We Are All Under The Influence
by Elissa Bedwell
The thought for this blog came to me about 6 months ago, during the dreary months of winter. I was feeling the melancholy influence of long and dark nights filled with cold winds and lack of personal interaction. Even though I was generally around a large number of people at work and spent my evenings attending night classes, I still felt this sense of disconnection.
In the last few years I had lost a large number of friends due to the changes that life brings (promotions, moving out of state, traveling abroad, and the most permanent change of all, death). I still kept in touch with these people on a semi-regular basis and knew the basics of how their lives were moving along, but I really missed the closeness of our collective friendships.
I could always count on seeing them on a weekly — if not daily — basis. We went on road trips and vacations together. We attended one another’s weddings and funerals. We cooked together and threw parties together. We wrote books together, played music together and loved each other unconditionally. We were a family.
As each person’s life grew and expanded, we grew farther apart, even though we all expressed nothing but good wishes and luck in the new endeavors. It seemed that geography would separate us on more than a physical level — it would separate us emotionally and spiritually. As time passed, however, I learned that distance could not take away our connection to one another. It would only change it and transform it into something new.
Change and transformation are something that humans run from every day. We set up routines in life so that we do not have to experience change. We try to put the inevitable on hold in a myriad of ways by recalling the perceived magnificence of youth rather than accepting our present state of being and wisdom, holding onto relationships or careers that no longer fulfill us, remaining stuck in a behavior or thought pattern that no longer match our current emotional state, and even refusing to better ourselves or create new goals for fear that we are unworthy of the greatness that might lay in store.
We are all caterpillars who refuse to become butterflies. Unfortunately (or perhaps fortunately) for us, we have no choice in the matter. That is to be our fate. It’s sad to resist such a beautiful outcome, but we do it every day, and have done so since time immemorial.
While contemplating my perceived lost relationships, I realized that they were not really lost at all. They had simply transformed into something more beautiful and more real. These weren’t relationships that were to be short-lived and forgotten, or the opposite, life-long and stagnant. They were honest relationships that have proven to withstand everything that the world could throw at them and still come out swinging. They are champions.

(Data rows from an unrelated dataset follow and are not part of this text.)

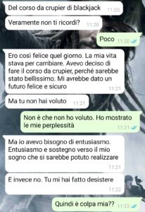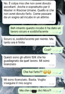 “Tutti mi dicono che sono una persona troppo rigida, troppo “con i piedi per terra” che forse non sogna più. Sapete cosa ne penso io? Sono d’accordo, ma non lo vedo come un difetto, lo vedo come un pregio e una conquista. Chi vive meglio? Chi vive di sogni che non si possono realizzare e di rimpianti che lo perseguitano giorno e notte? Oppure le persone che accettano che non sempre tutto si può fare nella vita, e accettano le piccolezze della vita, quelle piccole ma quotidiane gioie che ti accompagnano e che, se accolte nel modo giusto, possono addolcire l’esistenza? Io sono tra queste persone, perché non voglio farmi inutilmente del male. E pensavo che anche il mio fidanzato Nicolò fosse così, ma mi sbagliavo. Finalmente, dopo anni a dir poco complicati, avevamo una nostra stabilità: una casa in affitto, un cane, un lavoro più che dignitoso per entrambi, e la voglia, perlomeno da parte mia, di vivere questa vita come la stavamo vivendo ma valorizzandola. Tutto andava bene, perlomeno fino a quando questo bell’equilibrio non è stato brutalmente scosso da quell’inaspettato messaggio.”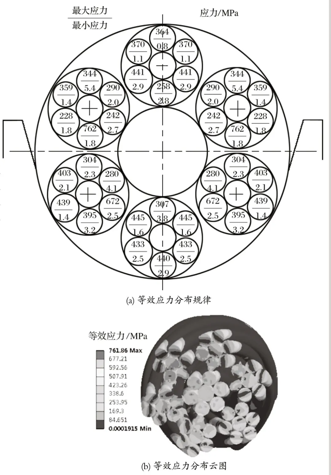 从图6(a) 可以看出,钢丝绳在受载作用时,此时的等效应力呈现出不均匀的分布形式,且存在层状分布;钢丝绳的应力受到空间位置和相位变化的影响,在绳槽的中 心轴线上下部分分布不均匀;从图6(b) 可以看到,钢丝绳截面上应力近似呈现对称层状分布,弹性区域和塑性区域相互交叉。钢丝绳的外股层和接触位置的应力比其他同股的应力较大,此时zui大值为 761.97 MPa,zui大应力分布在靠近中 心轴轴线上半部分的左右两侧。钢丝绳的交互捻外层股二次捻制钢丝绳中,靠近绳芯的位置应力比较大,zui大应力是1 121.78 MPa,分布在绳槽中 心轴线上半部分。通过对比图4 可以看出,zui大应力主要集中在钢丝绳的外侧,不同绳股层的钢丝绳应力值不同。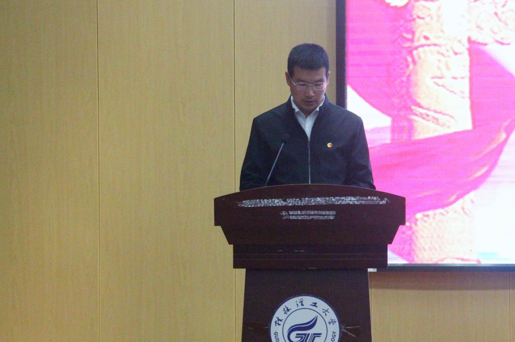 大会第一项,学校团委高昌洪老师代表校团委致辞。他充分肯定了我院团委、学生会长期的工作成果和为学校学生事业做出的贡献以及拼搏进取、奋发有为的精神,并提出了三点希望:一是希望学生会要坚定不移听党话、跟党走;二是希望学生会要勇于作为敢担当、能吃苦,进一步激发新时代学生会组织的生机活力,敢想敢为,善作善成,满腔热情地做好服务同学的工作;三是希望学生会要自律自强作风严、肯奋斗,以脚踏实地的严实作风为广大桂工学子做出表率,为党的青年工作做出积极贡献。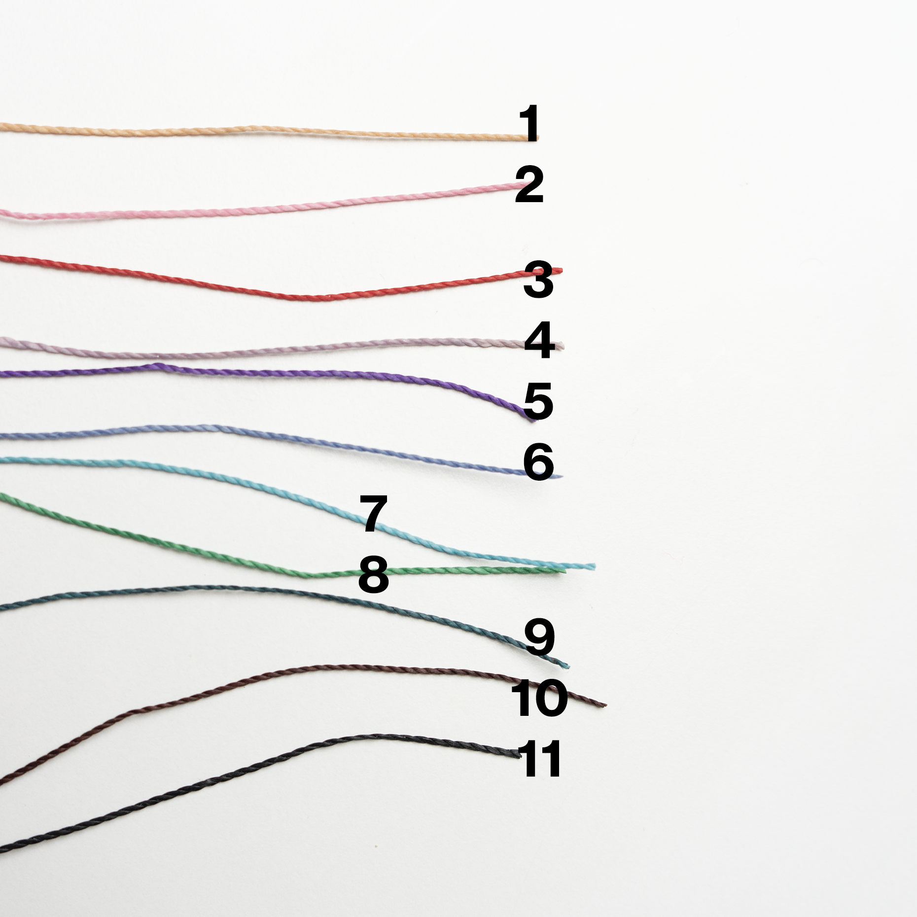 - Soul: the inner, extremely robust ropes – the lifesavers. We use these for eyeglass straps, packaging, and other products.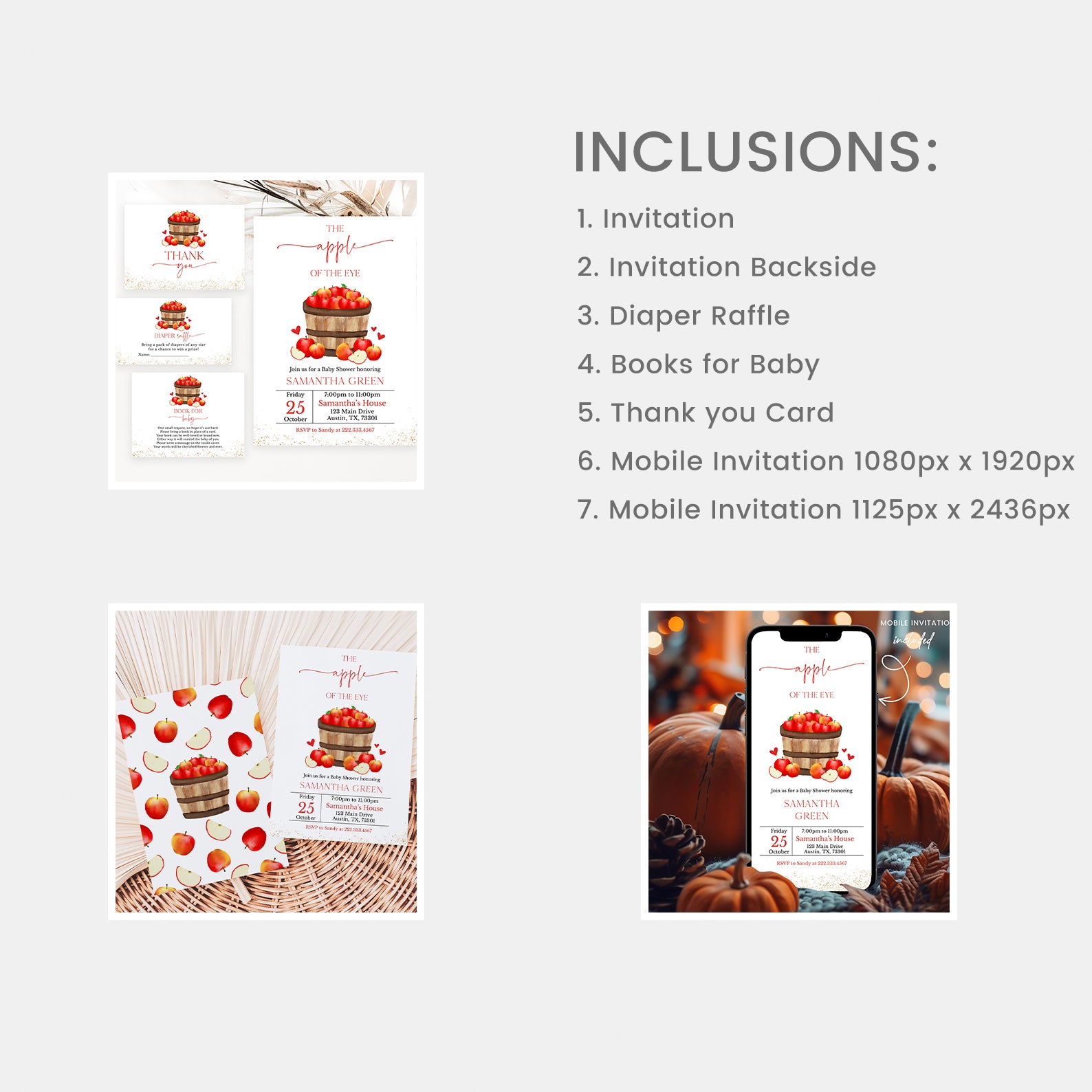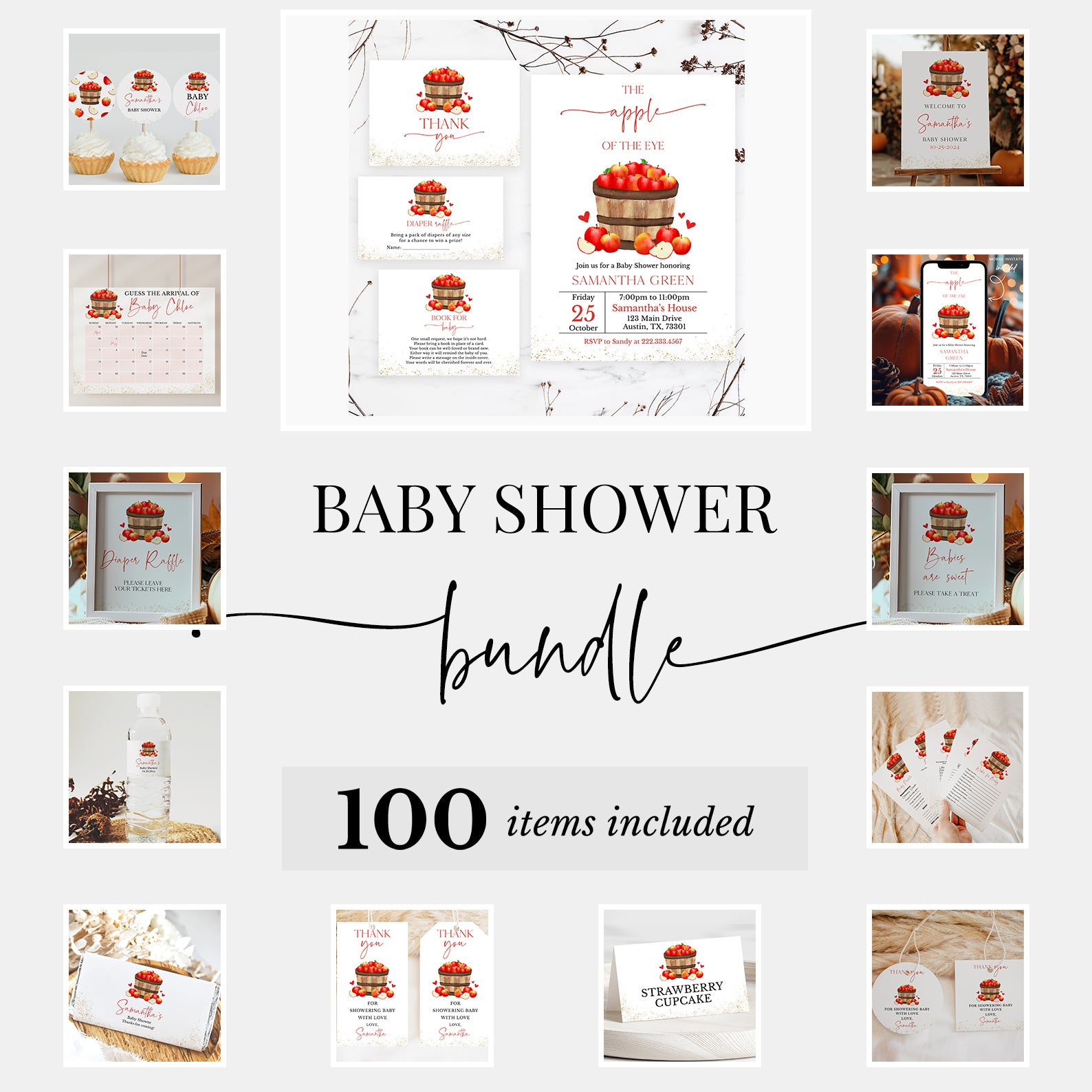 - Purchase this Apples in Barrel & Gold Accents Fall Baby Shower Mega Bundle template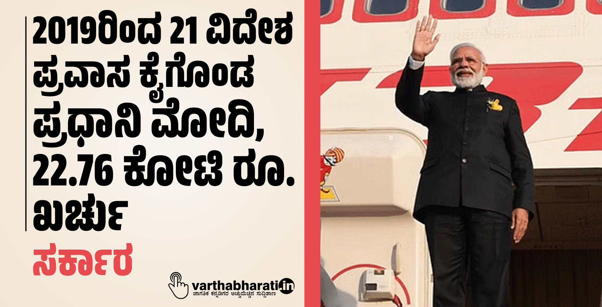 ಹೊಸದಿಲ್ಲಿ: ಪ್ರಧಾನಿ ನರೇಂದ್ರ ಮೋದಿ ಅವರು 2019 ರಿಂದ 21 ವಿದೇಶ ಪ್ರವಾಸಗಳನ್ನು ಕೈಗೊಂಡಿದ್ದಾರೆ ಮತ್ತು ಈ ಭೇಟಿಗಳಿಗಾಗಿ 22.76 ಕೋಟಿ ರೂಪಾಯಿಗಳನ್ನು ಖರ್ಚು ಮಾಡಲಾಗಿದೆ ಎಂದು ಕೇಂದ್ರ ಸರ್ಕಾರ ಗುರುವಾರ ತಿಳಿಸಿದೆ.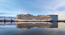 The 303 metre-long vessel made her way down the Ems River and up to the North Sea in reverse, making the narrow passage through Meyer Werft’s sea lock with less than 1.2 metres clearance.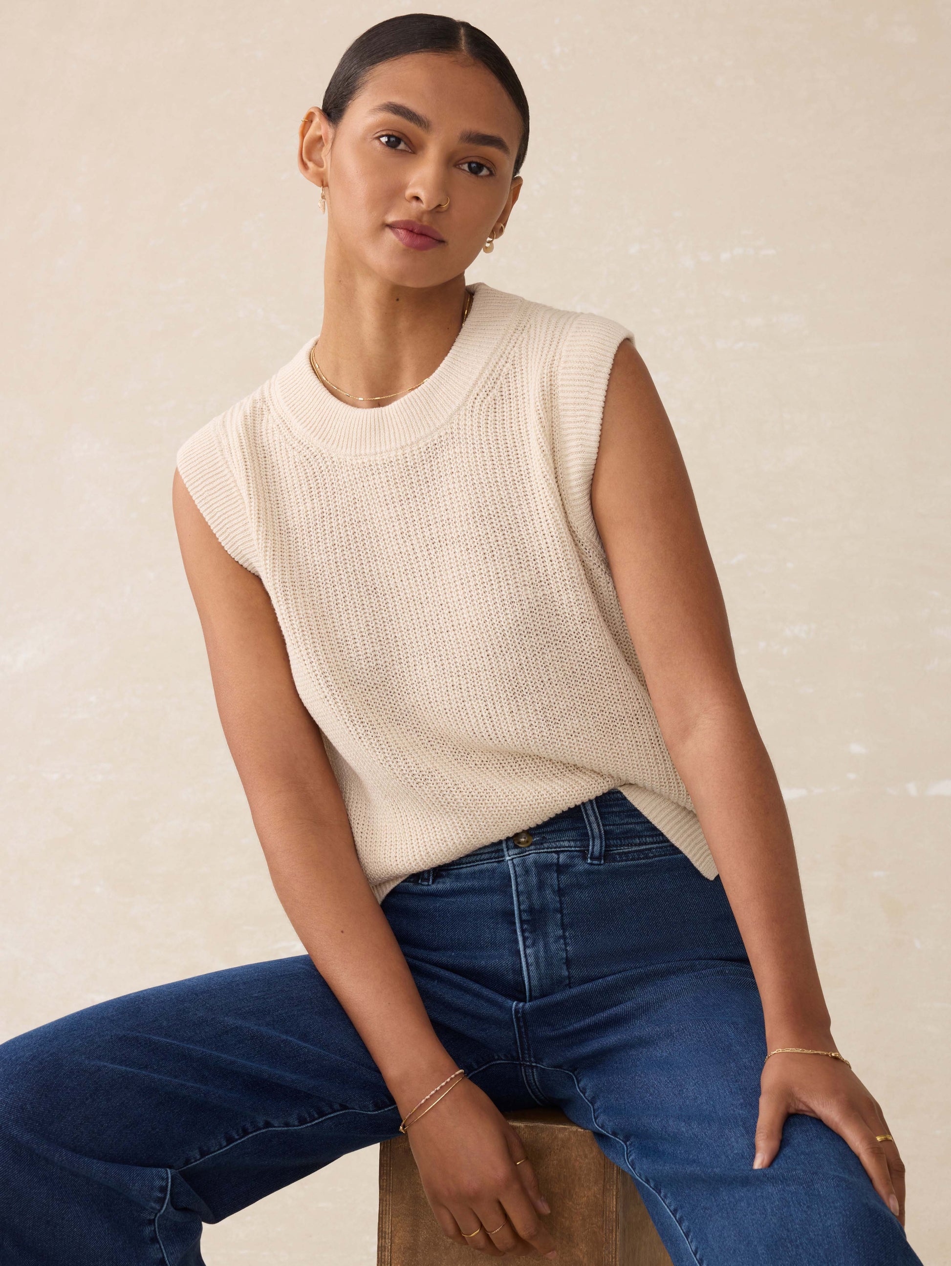 - Detail: Sleeveless crewneck tank with side slits. Loosely knit half cardigan stitch. Rib trims at neckline, armhole and bottom hem.

When I think of who I was in the past, who I am today, and who I hope to become in the future, I realize that it is all really just a series of influences from my connections in the world. Whether or not those connections are face-to-face or long distance makes no difference. They have all made a lasting impression on myself as a person and I owe a great debt to what those connections and relationships have taught me.
In the age of the internet, my circle of connections has grown exponentially. Not only am I touched by those who I come into personal contact with but I can also be touched by those who lived hundreds or even thousands of miles away. The “friends” that I have made (and yes, I’ll refer to them as friends) via a series of linked computers have had just as an important mark on me as my family and friends have made.
Some of these friends come in the form of actual emails and conversations and some are just a nameless face behind a blog, a website or a podcast. They have no idea who I am and vice-versa. Nevertheless, they have created a ripple in my pond that I believe touches the ponds of other people that I know (or, in the case of the internet, do not really know at all).
It excites me to think that life is fast becoming less physical and more emotional — ethereal, even. Not that a physical relationship with someone with whom you can share actual space, hold hands, sing along to the same song, share a glass of wine or offer a shoulder to cry on is less important. It’s just that needing to physically come into contact with people is not a necessary component for personal growth.
It’s the same with literature, art, photography, music, writing letters or even using the telephone. It’s the thought that is shared that is important. Not the means in which it is shared. It is the act of sharing — of touching — of creating a connection that is capable of causing change in another that is at the heart of it all.
On this blog I plan to explore how we touch one another’s lives. I will write about some of my own experiences and I will also reach out to those who have influenced me in my own life, and ask them to share their own connections of influence and how they have helped shaped the person they are today, as well as the person they hope to become in the future.
I hope you enjoy it and see the beauty that is in everyone’s story. I welcome submissions from anyone who wants to share their own account, whether or not we have ever conversed, either in person or online. You can keep it anonymous or offer full disclosure. The choice is yours. The important thing is that you share your knowledge with others and keep the ripples in the pond going.
After all, we are all just catepilars deciding whether or not to risk becoming a butterfly.